Before starting with the tutorial, make sure you have the following prerequisites installed:

☑️ Access to UWA's Kaya server. Email David Grey at UWA for access.

  • Importantly, you'll need to have a description of your project and who else will have access to the data.

☑️ VPN access to UWA, including setup of MS Authenticator in case you work outside of the UNIFI network.

☑️ Test that you could successfully login to Kaya by opening the terminal and ssh into Kaya

ssh <username>@kaya.hpc.uwa.edu.au

This will allow you to login to Kaya's head node. It is paramount that you don't run programs on the head node as it is configured to install programs, write scripts and submit SLURM scripts to the SLURM scheduler. Even compressing a file on the head node can cause issues - it is not designed for any heavy duty tasks.

Installation

You do not have admin (sudo) access to Kaya so you are limited in what and how you can install and use software. There are a lot of programs already pre-installed on Kaya. They are called modules and you can access the available modules by typeing:

module avail

Available Modules on Kaya

You can work out what modules you have loaded with the command (by default you will not have any)

module list

You can load a module with the command

module load gcc/9.4.0

IMPORTANTLY, you'll need to load the gcc compiler for a lot of the programs. Consider adding this line of code to your ~/.bashrc file by login into Kaya and excecute nano ~/.bashrc. Paste module load gcc/9.4.0 in a new line and then save your ~/.bashrc before you exit. You can reload your profile by executing source ~/.bashrc.

To load samtools for example, type either

module load samtools/1.13

or

module load samtools

Try running module list to check if samtools have been successfully loaded.

If you must, you can also unload the modules (in case they clash with conda installs for example) with the command

module unload samtools

Conda installations

Conda is already pre-installed on Kaya. In order to use conda, load the module

module load Anaconda3/2021.05

It's recommended and important to create a new conda environment with the prefix to point to the group data. There is more space on the /group volume and you can easily share the conda installation with your team members, so they don't have to re-install everything themselves.

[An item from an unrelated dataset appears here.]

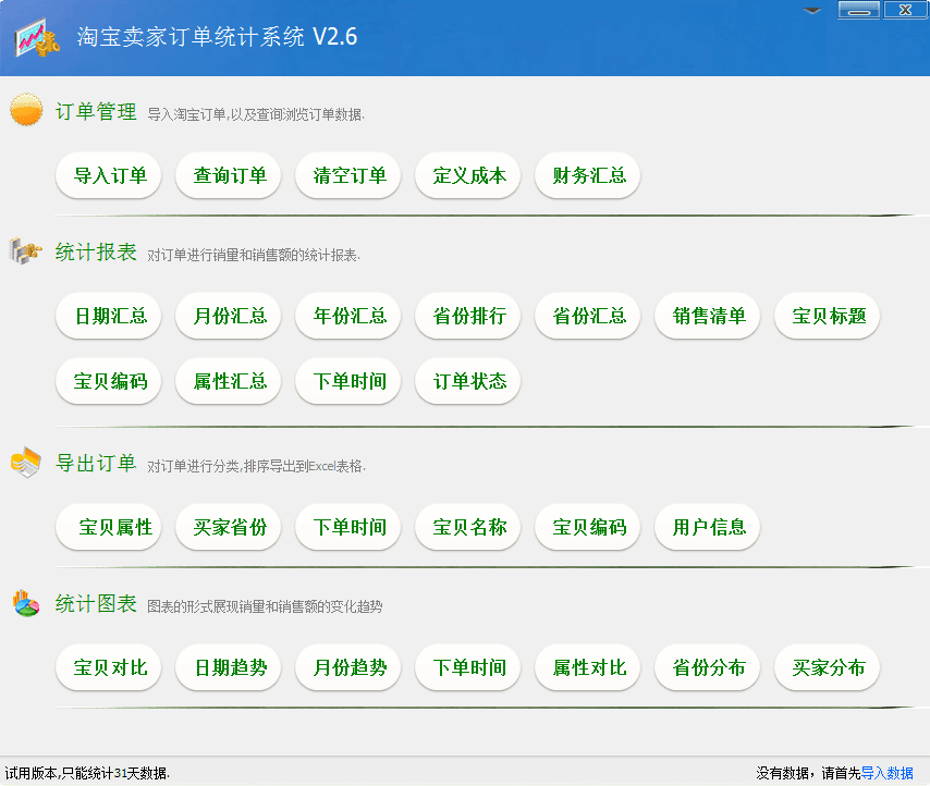 淘宝订单系统是一款可以帮助淘宝卖家对销售的订单进行一站式分析,统计,汇总,报表,数据的分类导出,订单数据的排序导出等的工具,可以按照每天,每月,指定的时间范围对 销售数据进行操作.帮助您制定合理的销售方案,为您分析销售中遇到的问题提供详尽的数据支持。

An example of how to create a new conda environment would be:

conda create -p /group/<your_project_name>/conda_environments/bioinfo -c conda-forge mamba

Mamba is really useful for quicker installations in conda by replacing conda with mamba. For example, after mamba is installed, you can install unicycler with mamba by typing

mamba install -c bioconda unicycler

Once you have setup your conda environment, it's as easy as loading it by executing

conda activate /group/<your_project_name>/conda_environments/bioinfo

You should consider adding a default conda environment to your ~/.bashrc so you can use your favourite programs right away (it is best practice to not install anything into the conda default enviroment base as this can cause unexpected behaviour that is hard to resolve).

Usage

1. Copy files over to Kaya

You can use either Filezilla or good old scp to copy over files to Kaya. For example, you could log into the old PEB servers and scp the tutorial folder.

scp -r /dd_groupdata/tutorial_kaya/ <username>@kaya.hpc.uwa.edu.au:~

2. Check resources on the Kaya HPC cluster

Kaya uses SLURM scheduling and you have a couple of options to check what's available and how the queues look like. The graphical interface that tracks usage of resources can be found here.

The Lister Lab server is reserved at node n035.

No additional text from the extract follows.